A delegation of top Government officials visited the Biorenewables Development Centre (BDC), a University of York subsidiary, this week to investigate how waste can be converted into valuable products to benefit the UK economy.

The Government’s Chief Scientific Adviser, Sir Mark Walport; Chief Scientific Adviser to the Department of Environment, Food and Rural Affairs (DEFRA), Professor Ian Boyd; and Mark Turner, of the Department for Business, Energy and Industrial Strategy (BEIS) were on a fact finding mission to explore how a waste-based bio-economy might help the UK thrive.
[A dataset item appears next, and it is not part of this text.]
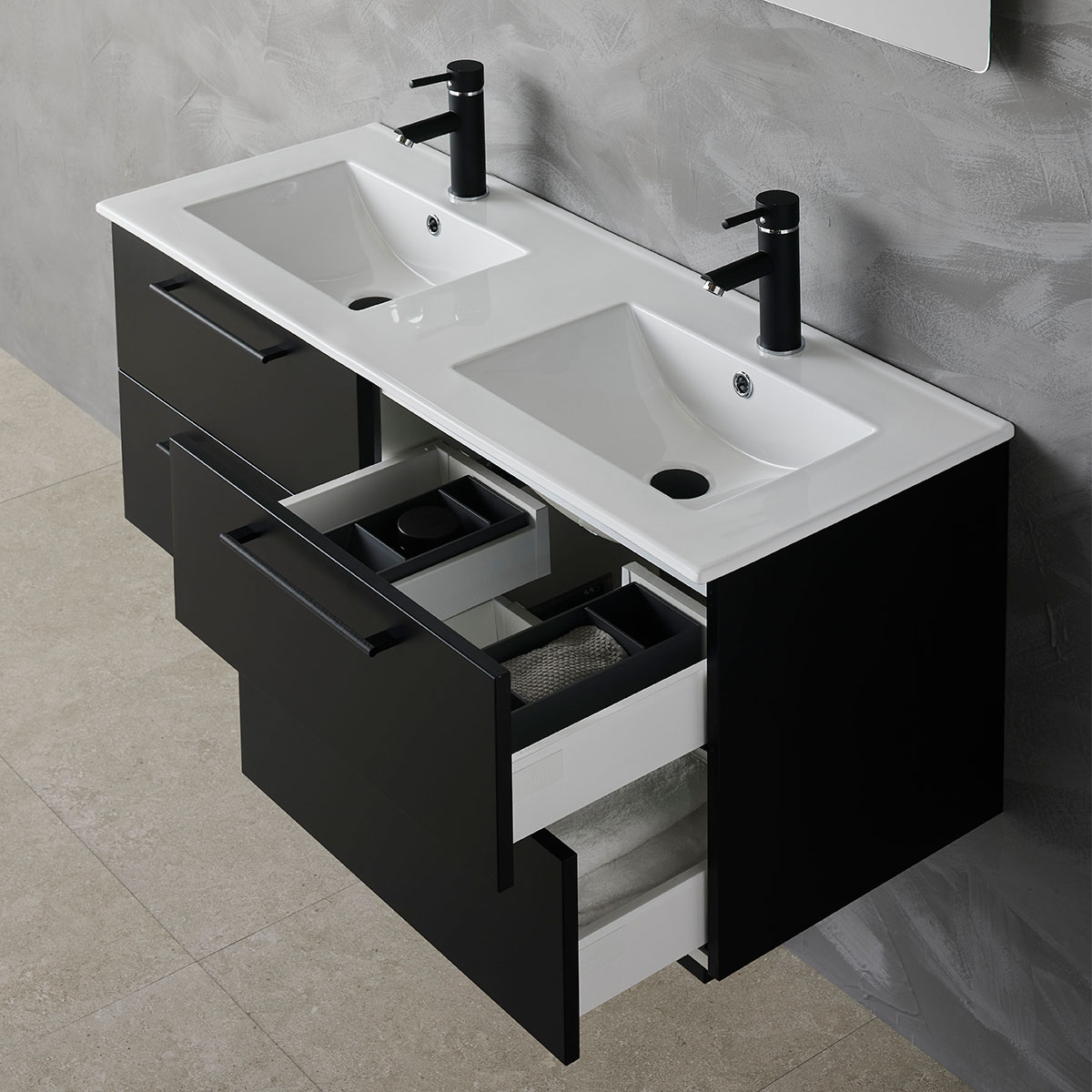 Tvättställsskåp Lust Svart 1200D Med Tvättställ

The Green Investment Bank has estimated there could be an investment opportunity of £5 billion in the UK waste market by 2020. Organisations across Yorkshire are working together to make the most out of this opportunity by turning unavoidable bio-wastes including, household and food processing waste into products, such as antibiotics, anti-fungal compounds, and biofuels.

Director of the BDC, Joe Ross said

We currently rely heavily on fossil resources, but these are finite and cannot meet the demand for future generations. The BDC focuses on harnessing developments in industrial biotechnology and green chemistry to support the transition to a low-carbon economy, which will ultimately replace oil refineries with biorefineries.


Scale up

The delegation visited the BDC’s Research and Development facilities at York Science Park and Dunnington to meet clients, including local company, Wilson Bio-Chemical, who are working with the BDC to scale-up their technology for turning household waste into biofuels and high-value products. They also discussed a research collaboration with GSK, and Veolia to convert food by-products into antibiotics.

Sir Mark Walport said

It is great to see first-hand how the chemistry and biology science base at the University of York is working with industry to solve some of the major challenges they face. Organisations like the Biorenewables Development Centre and their partners who are doing pioneering work to turn municipal waste into reusable products such as biofuels and chemicals will help make UK businesses more sustainable and more competitive.

The Steering Group for local innovation cluster, BioVale, which is composed of leading industries working in the bioeconomy as well as academics and policy makers, discussed their next grand challenge: adding value to bio-waste.  They updated the Chief Scientific Advisers on what Government can do to help develop a waste-based bioeconomy.

The York, North Yorkshire and East Riding Local Enterprise Partnership (YNYER LEP) Chair, Barry Dodd, also announced a new £10 million bioeconomy Growth Fund to boost local bio-based innovations.

Chairman Barry Dodd, CBE said  “With our area’s historical strengths in agriculture, food, and its excellent research assets, we have long prioritised the bioeconomy for our area’s economic growth. Some great work is being carried by the BDC, a subsidiary of the University of York, and we very much welcome the new technology by Wilson Bio-Chemical – a great example of exactly the businesses that are generating our area’s growth.”